The first thing that visitors to the Apartheid Museum in Johannesburg see is a wall of identity cards-- the pieces of paper that determined where people could live and work and whom they could love. From the outset, the apartheid regime's ability to discriminate against "nie-blankes" (non-whites) depended on having a robust system of identifying people. The opposite problem confronts most other countries in Africa today. Governments have little idea who their citizens are [Editor's note: the link may be paywalled]. From a report: African countries struggle for several reasons. One is racial discrimination. Uganda, Liberia and Sierra Leone explicitly withhold nationality from children of certain races and ethnicities. Other countries do so informally by refusing to issue papers. Another reason is a failure by governments to explain to their citizens how they might benefit. Consider birth registration, the most basic form of official identity. South Asia more than doubled its rate of birth registration to 71% between 2000 and 2014. In sub-Saharan Africa the rate dropped by one point, to 41%, over the same period. For poor villagers, going to a government office to register a birth is time-consuming and expensive, especially when officials demand bribes. Some countries charge a fee, which is a disincentive. Others penalize late registrations.
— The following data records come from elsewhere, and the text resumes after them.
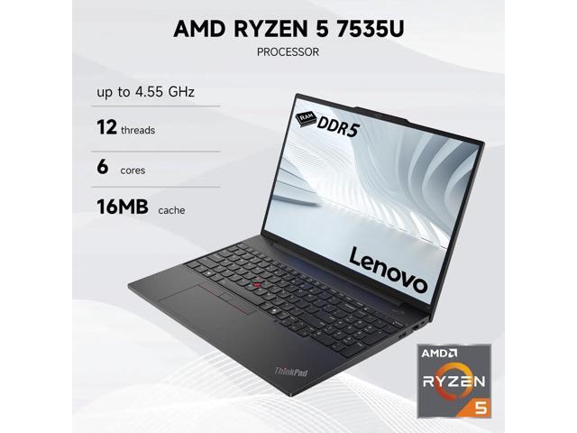 Lenovo ThinkPad E16 Gen 2 Business Laptop, 16" FHD+ Touchscreen 60Hz, AMD Ryzen 5 7535U, 32GB DDR5, 1TB SSD, Wi-Fi 6, Windows 11 Pro, Black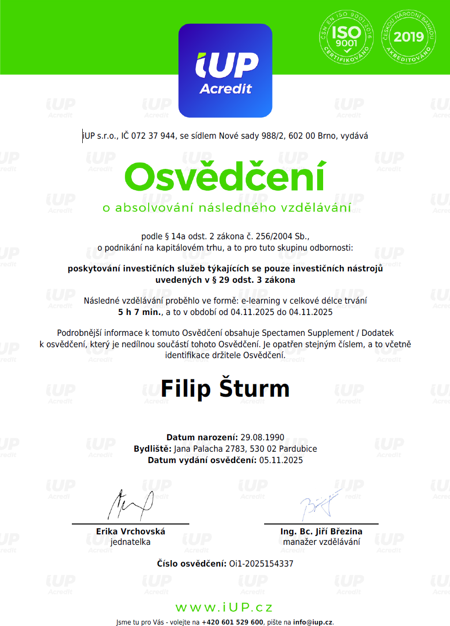 Jsem nadšený ze spolupráce s panem Šturmem, který mi poskytl nejen odborné rady týkající se produktů financí, ale také se zaměřením na akciový trh. Jeho hluboké znalosti a porozumění finančnímu světu mi poskytly jistotu a důvěru při rozhodování o mých investicích. Jeho schopnost vysvětlit složité finanční koncepty prostě a srozumitelně byla velmi ceněná. Doporučuji jeho služby každému, kdo hledá kompetentního a důvěryhodného poradce pro správu svých financí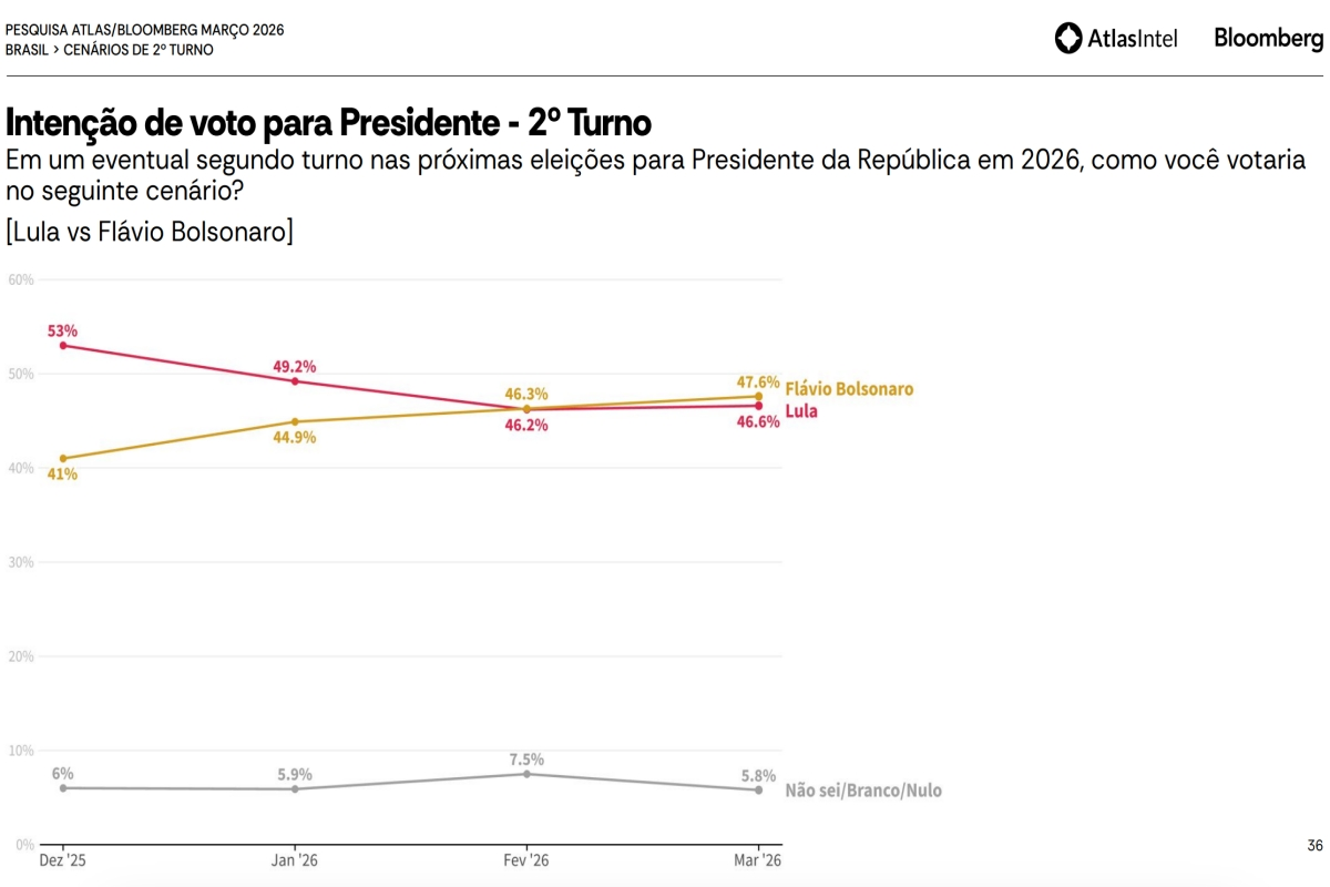Pesquisa divulgada nesta quarta-feira (25/) pelo instituto AtlasIntel em parceria com a Bloomberg mostra um empate técnico entre o senador Flávio Bolsonaro (PL-RJ) e o presidente Luiz Inácio Lula da Silva (PT) em um eventual segundo turno na disputa pelo Palácio do Planalto nas eleições deste ano.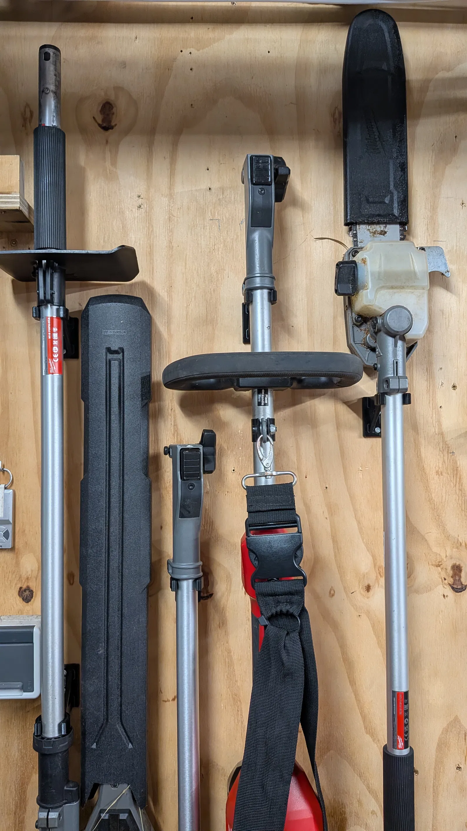 Nhờ có gân đỡ chéo, giờ mình có thể treo an toàn cả thân máy chính chỉ bằng một clip. Riêng đầu Hedge Trimmer thì cần hai wall clips, vì trọng tâm của đầu này không nằm ở giữa trục.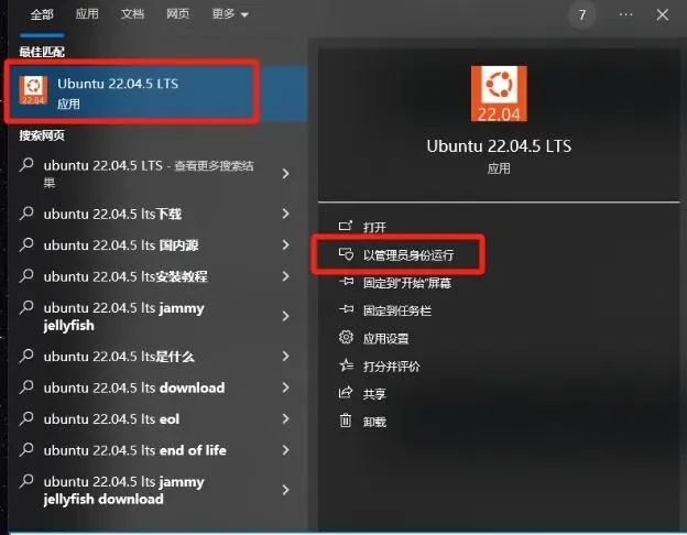 windows系统“开始”中搜索Ubuntu 22.04.5 LTS,并使用管理员身份运行。3.关闭WSL

One way to encourage people is to link birth registration to benefits such as child-support grants -- something South Africa did with great success. But that approach may also have the perverse consequence of denying payments to the very poorest. Money is another reason many African countries have fallen behind their peers. Extending the state's reach to remote areas can be expensive. So, too, is paying for skilled labour of the sort required to fill in forms accurately and to operate biometric machines. The technology itself is costly, especially for small countries that do not have much buying power.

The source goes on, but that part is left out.